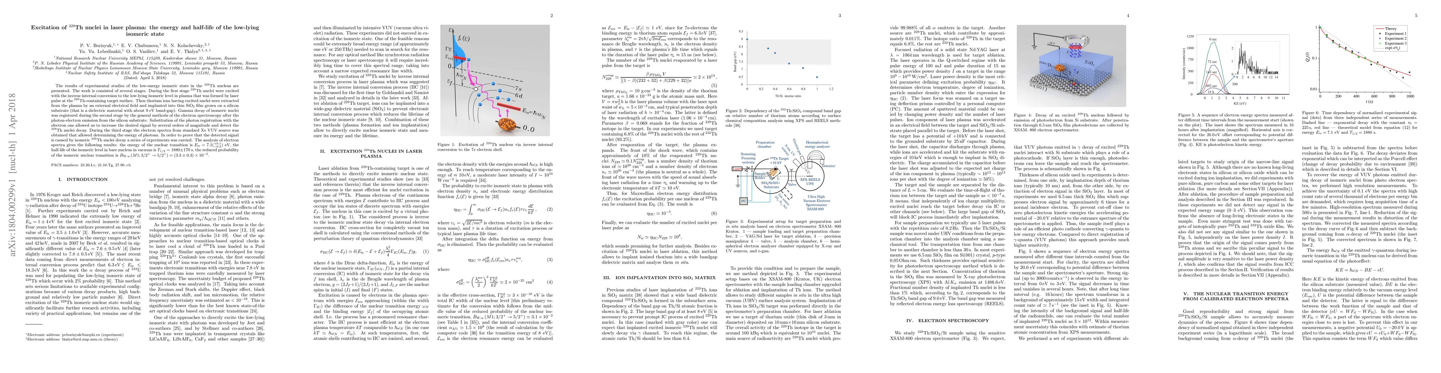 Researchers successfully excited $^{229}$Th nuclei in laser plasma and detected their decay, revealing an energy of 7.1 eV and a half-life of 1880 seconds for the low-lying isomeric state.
=======
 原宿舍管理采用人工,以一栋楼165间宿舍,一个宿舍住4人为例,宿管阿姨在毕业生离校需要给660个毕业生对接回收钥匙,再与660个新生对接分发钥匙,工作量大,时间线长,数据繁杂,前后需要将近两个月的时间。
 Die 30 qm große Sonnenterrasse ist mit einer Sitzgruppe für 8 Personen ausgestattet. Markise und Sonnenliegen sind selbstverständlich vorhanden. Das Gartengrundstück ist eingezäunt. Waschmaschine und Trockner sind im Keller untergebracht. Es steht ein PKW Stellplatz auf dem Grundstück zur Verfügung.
=======
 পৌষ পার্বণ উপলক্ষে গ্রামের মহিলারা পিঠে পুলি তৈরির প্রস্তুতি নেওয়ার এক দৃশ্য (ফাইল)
=======
Task prompt: In the entries above, find the line with "原宿舍管理采用人工,以一栋楼" and the line with "Die 30 qm große", then set down exactly those two and every line between them, nothing else.

Solution to this problem:
 原宿舍管理采用人工,以一栋楼165间宿舍,一个宿舍住4人为例,宿管阿姨在毕业生离校需要给660个毕业生对接回收钥匙,再与660个新生对接分发钥匙,工作量大,时间线长,数据繁杂,前后需要将近两个月的时间。
 Die 30 qm große Sonnenterrasse ist mit einer Sitzgruppe für 8 Personen ausgestattet. Markise und Sonnenliegen sind selbstverständlich vorhanden. Das Gartengrundstück ist eingezäunt. Waschmaschine und Trockner sind im Keller untergebracht. Es steht ein PKW Stellplatz auf dem Grundstück zur Verfügung.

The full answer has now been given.